Surely this kind of information does not come as much of a surprise to many of us because we see it every day, and companies are taking advantage of this fact by tapping into this increasingly crucial segment of the American market. Everywhere we turn we see weight-loss infomercials, exercise equipment, and diet pills being advertised on TV as all-you-can-eat buffets pop up on in every strip mall across America. But meanwhile, the automotive realm has remained relatively quiet on the subject.
Many automakers nowadays seem to be more interested in the latest advancements in infotainment touch-screens than wider seats with lower bolstering for the obese. Sure, there are staples like the Chevrolet Suburban, the Ford Expedition, and the Toyota Sequoia, but all of these cars seem all too obvious of a choice to me. So instead of just listing a handful of land yachts, I have opted to take a different approach, by suggesting five very unexpected offerings that meet a very specific list of key requirements.

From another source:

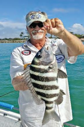Tiny crabs or sand feas will produce great sheepshead action. Live shrimp cut in half are my next “go to” bait. Seek docks with at least eight feet of water (10’ to 14’ is ideal). Cast to the base of the pilings. Ten tighten the line to feel the bite.

While many Americans may never take the time to consider what goes into making a car suitable for anyone with an overly “rubenesque” figure, auto designers have to take this kind of thing into consideration in a very serious manner. Overall seatbelt length needs to be quite considerable because, according to a report by Edmunds.com, “The National Highway Traffic Safety Administration (NHTSA) is responsible for setting the standards that govern seatbelt length and its guidelines only require that seatbelts accommodate a 215-pound man.” It also found that many Ford, GM, and Nissan models have seatbelts that are up to 20 inches longer than these NHTSA requirements. Other key considerations are wider seats with minimal bolstering, a telescoping steering wheel for added room, a narrow or non-existent center console, large doors for easy entry and exiting, and a ride height that is neither too low nor too high off the ground.
1. Cadillac XTS
From its roomy interior, to its extra-wide doors and extended seatbelts, the Cadillac XTS is an excellent option for anyone wanting a comfortable car that has the ability to complement their physique. Starting at just under $50,000, this luxurious sedan offers everything we were looking for and then some with its comfortable ride height, larger than life doors, extremely wide driver and passenger seat, and a massive rear seat. And just because it’s a Cadillac doesn’t mean it can’t be quick; a twin-turbo 410 horsepower option is easily available for anyone who feels the need for speed, making this slice of American luxury just the right set of wheels for anyone needing a bit more space while flying down the interstate.
2. Volkswagen Beetle
This next offering may come as a bit of a shocker to some, but the Volkswagen Beetle is an excellent option for any large person who doesn’t want a large car. The modern Beetle has long been a favorite choice of the rotund, and it continues to offer some of the best doors on the market for this very reason. The sporty steering wheel, with its flat bottom gives increased leg room, and while it may seem small on the outside, this German machine offers excellent headroom, ample seat adjust-ability, extremely long seat tracks, and excellent visibility courtesy of those larger than life front windows. The base model starts off at just $20,695, and as the sticker price grows from there just be forewarned that the sportier models will have more aggressive bolstering in the seats, so it is best to stick with a simpler model and just add the amenities one wants.
3. Honda Accord
Honda’s flagship has quite the loyal fan-base, and it has seen an even greater amount of support ever since Consumer Reports gave it a glowing review in their 2010 test entitled “Plus-size models: Best cars for larger drivers.” The Honda Accord sure has changed a lot since the early days when it first rolled out of the factory in 1976, with the most recent model offering a superbly spacious cabin, over-sized doors, a standard rear-view camera, telescoping steering, and unobtrusive center console. Starting at just $22,105, the Accord can be built to please and offers a lot of tech features to make commuting all that much easier for a larger driver.
4. Kia Soul
Much like the Beetle the Kia Soul may look to be too small on the outside, but it is what’s on the inside that counts. Yes, the front seats have some bolstering in them, and yes, the car has a quirky feel to it that doesn’t encourage adulthood, but that’s what we love about it! Hop inside and buyers will find that this little Korean car has plenty of space for both drivers and passengers, while a mid-range ride height helps make exiting a cinch. A well-designed dash eliminates the need for a larger center console, the seats (which may be snug by some standards) are way more comfortable and wider than expected, and the whole car comes in at a very modest $15,190 price point. Just be sure to haggle, and ask the dealer if seatbelt extensions can be thrown in for no additional cost.
5. Mercedes Benz S-Class
We wrap things up with a line of cars that isn’t designed for just anyone. Yes, we would all like a Mercedes Benz S-Class, but very few of us have the financial means to purchase or own one. With this sedan starting off at $94,900, it is no wonder we saved the best for last. For those who can afford it, the S-Class offers one of the roomiest cabins on the planet, a backseat the size of most people’s sofas, seat positioning for any needed configuration, and six relaxing massage settings for when the commute proves to be too stressful.